# PROBLEM
All of the data that follows should be given again exactly, without its images.

# DATASET EXCERPT
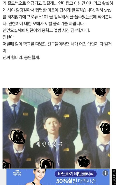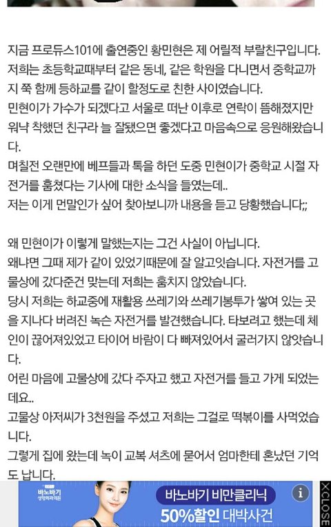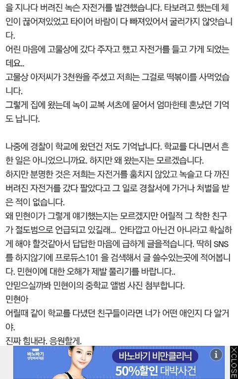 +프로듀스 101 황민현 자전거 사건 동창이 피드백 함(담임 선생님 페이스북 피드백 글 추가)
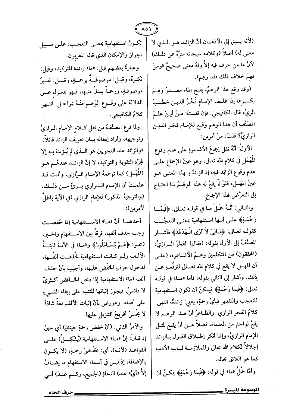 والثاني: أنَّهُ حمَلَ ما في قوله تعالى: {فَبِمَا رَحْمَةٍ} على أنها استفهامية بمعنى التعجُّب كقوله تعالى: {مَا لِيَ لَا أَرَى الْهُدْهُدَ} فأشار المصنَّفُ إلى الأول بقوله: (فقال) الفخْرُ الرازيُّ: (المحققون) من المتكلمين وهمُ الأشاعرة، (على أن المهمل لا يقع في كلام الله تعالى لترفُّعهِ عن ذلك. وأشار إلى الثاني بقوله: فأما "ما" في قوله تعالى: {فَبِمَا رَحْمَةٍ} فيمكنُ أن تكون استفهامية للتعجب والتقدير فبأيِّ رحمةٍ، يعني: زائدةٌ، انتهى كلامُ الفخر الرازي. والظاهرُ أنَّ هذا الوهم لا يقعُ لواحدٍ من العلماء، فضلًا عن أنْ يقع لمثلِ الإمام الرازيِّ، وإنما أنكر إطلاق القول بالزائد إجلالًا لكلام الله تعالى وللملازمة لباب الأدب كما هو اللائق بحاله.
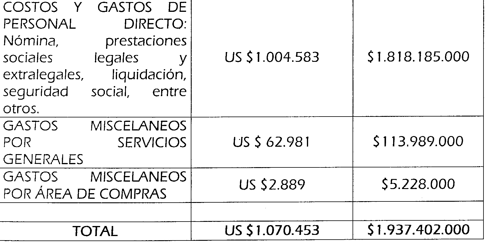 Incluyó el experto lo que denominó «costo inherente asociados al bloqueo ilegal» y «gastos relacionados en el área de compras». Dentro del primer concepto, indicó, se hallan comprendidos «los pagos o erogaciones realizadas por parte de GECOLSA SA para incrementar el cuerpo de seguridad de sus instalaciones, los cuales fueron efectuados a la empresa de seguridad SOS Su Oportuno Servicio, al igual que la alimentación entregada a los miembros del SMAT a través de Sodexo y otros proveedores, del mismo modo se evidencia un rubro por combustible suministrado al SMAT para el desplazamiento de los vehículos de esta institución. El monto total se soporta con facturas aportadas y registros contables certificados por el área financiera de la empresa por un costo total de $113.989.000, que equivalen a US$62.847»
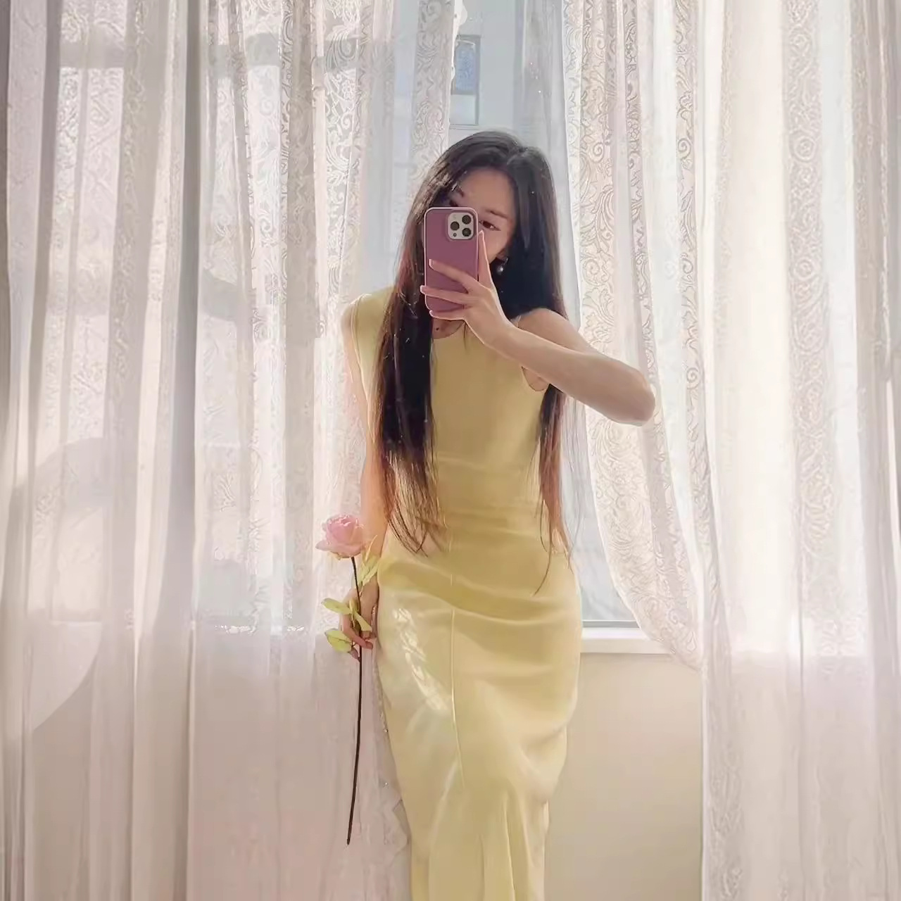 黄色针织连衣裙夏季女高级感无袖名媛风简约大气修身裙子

# OUTPUT OF THE TASK
 +프로듀스 101 황민현 자전거 사건 동창이 피드백 함(담임 선생님 페이스북 피드백 글 추가)
 والثاني: أنَّهُ حمَلَ ما في قوله تعالى: {فَبِمَا رَحْمَةٍ} على أنها استفهامية بمعنى التعجُّب كقوله تعالى: {مَا لِيَ لَا أَرَى الْهُدْهُدَ} فأشار المصنَّفُ إلى الأول بقوله: (فقال) الفخْرُ الرازيُّ: (المحققون) من المتكلمين وهمُ الأشاعرة، (على أن المهمل لا يقع في كلام الله تعالى لترفُّعهِ عن ذلك. وأشار إلى الثاني بقوله: فأما "ما" في قوله تعالى: {فَبِمَا رَحْمَةٍ} فيمكنُ أن تكون استفهامية للتعجب والتقدير فبأيِّ رحمةٍ، يعني: زائدةٌ، انتهى كلامُ الفخر الرازي. والظاهرُ أنَّ هذا الوهم لا يقعُ لواحدٍ من العلماء، فضلًا عن أنْ يقع لمثلِ الإمام الرازيِّ، وإنما أنكر إطلاق القول بالزائد إجلالًا لكلام الله تعالى وللملازمة لباب الأدب كما هو اللائق بحاله.
 Incluyó el experto lo que denominó «costo inherente asociados al bloqueo ilegal» y «gastos relacionados en el área de compras». Dentro del primer concepto, indicó, se hallan comprendidos «los pagos o erogaciones realizadas por parte de GECOLSA SA para incrementar el cuerpo de seguridad de sus instalaciones, los cuales fueron efectuados a la empresa de seguridad SOS Su Oportuno Servicio, al igual que la alimentación entregada a los miembros del SMAT a través de Sodexo y otros proveedores, del mismo modo se evidencia un rubro por combustible suministrado al SMAT para el desplazamiento de los vehículos de esta institución. El monto total se soporta con facturas aportadas y registros contables certificados por el área financiera de la empresa por un costo total de $113.989.000, que equivalen a US$62.847»
 黄色针织连衣裙夏季女高级感无袖名媛风简约大气修身裙子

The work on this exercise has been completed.